• _DATA PROVIDED_
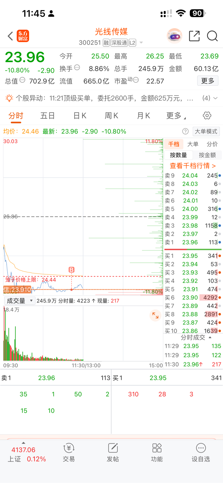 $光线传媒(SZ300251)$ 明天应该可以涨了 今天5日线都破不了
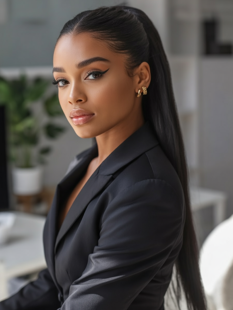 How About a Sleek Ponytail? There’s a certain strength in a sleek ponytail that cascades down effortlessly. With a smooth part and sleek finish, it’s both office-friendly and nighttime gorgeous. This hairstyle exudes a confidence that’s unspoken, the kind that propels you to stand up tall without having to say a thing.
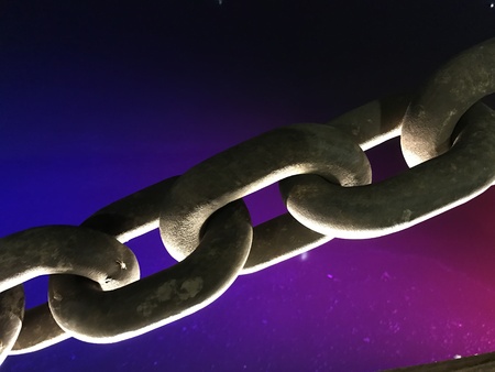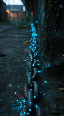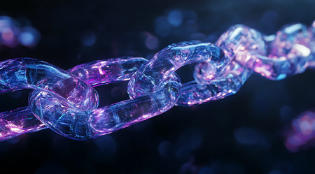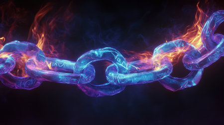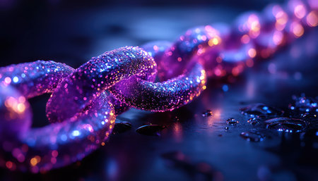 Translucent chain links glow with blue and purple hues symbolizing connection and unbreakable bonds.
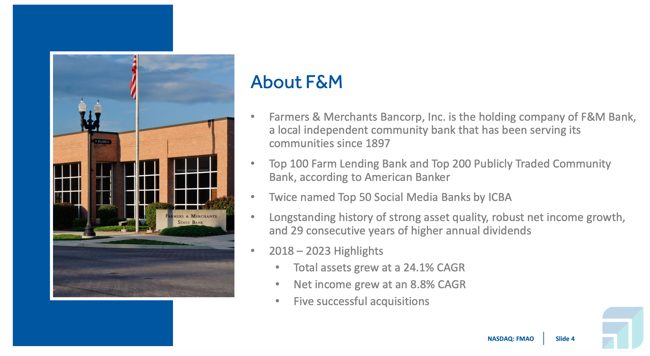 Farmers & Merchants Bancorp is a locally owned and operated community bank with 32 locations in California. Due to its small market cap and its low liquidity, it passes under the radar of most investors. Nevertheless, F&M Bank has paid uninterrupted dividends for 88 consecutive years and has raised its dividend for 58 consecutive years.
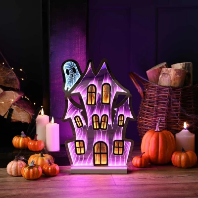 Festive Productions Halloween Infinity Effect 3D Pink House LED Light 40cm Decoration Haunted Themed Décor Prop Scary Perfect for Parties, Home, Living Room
--
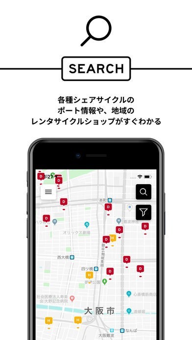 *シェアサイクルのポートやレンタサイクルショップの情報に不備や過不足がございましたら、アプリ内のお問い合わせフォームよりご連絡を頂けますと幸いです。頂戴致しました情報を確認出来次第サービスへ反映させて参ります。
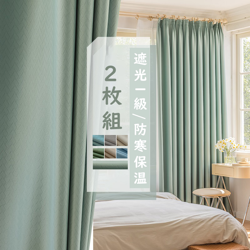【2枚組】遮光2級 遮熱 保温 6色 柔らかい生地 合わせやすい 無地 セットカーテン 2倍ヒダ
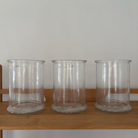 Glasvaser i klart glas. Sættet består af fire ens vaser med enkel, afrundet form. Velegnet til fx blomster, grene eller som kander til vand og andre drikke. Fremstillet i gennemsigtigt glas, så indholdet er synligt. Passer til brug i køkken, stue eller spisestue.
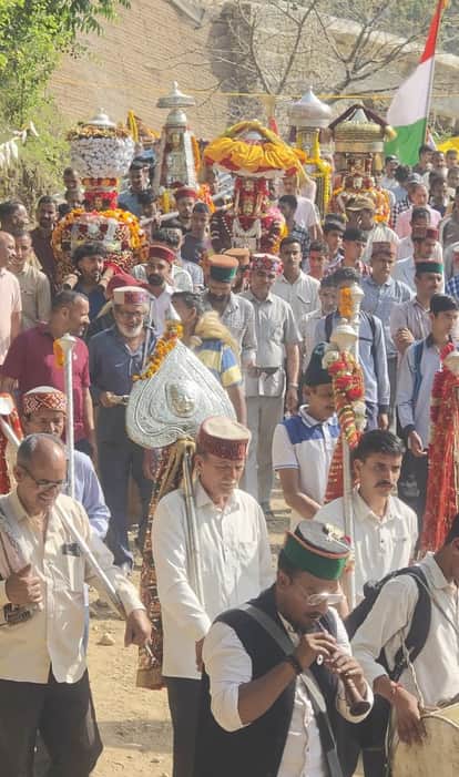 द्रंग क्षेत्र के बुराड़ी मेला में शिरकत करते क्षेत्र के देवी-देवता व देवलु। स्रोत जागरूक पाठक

• _WHAT YOU NEED TO DO_
Using the data above, set down each line from the line with "Glasvaser i klart" to the line with "द्रंग क्षेत्र के" exactly, both ends included, and leave the pictures behind. Nothing else belongs.

• _OUTPUT BELOW_
 Glasvaser i klart glas. Sættet består af fire ens vaser med enkel, afrundet form. Velegnet til fx blomster, grene eller som kander til vand og andre drikke. Fremstillet i gennemsigtigt glas, så indholdet er synligt. Passer til brug i køkken, stue eller spisestue.
 द्रंग क्षेत्र के बुराड़ी मेला में शिरकत करते क्षेत्र के देवी-देवता व देवलु। स्रोत जागरूक पाठक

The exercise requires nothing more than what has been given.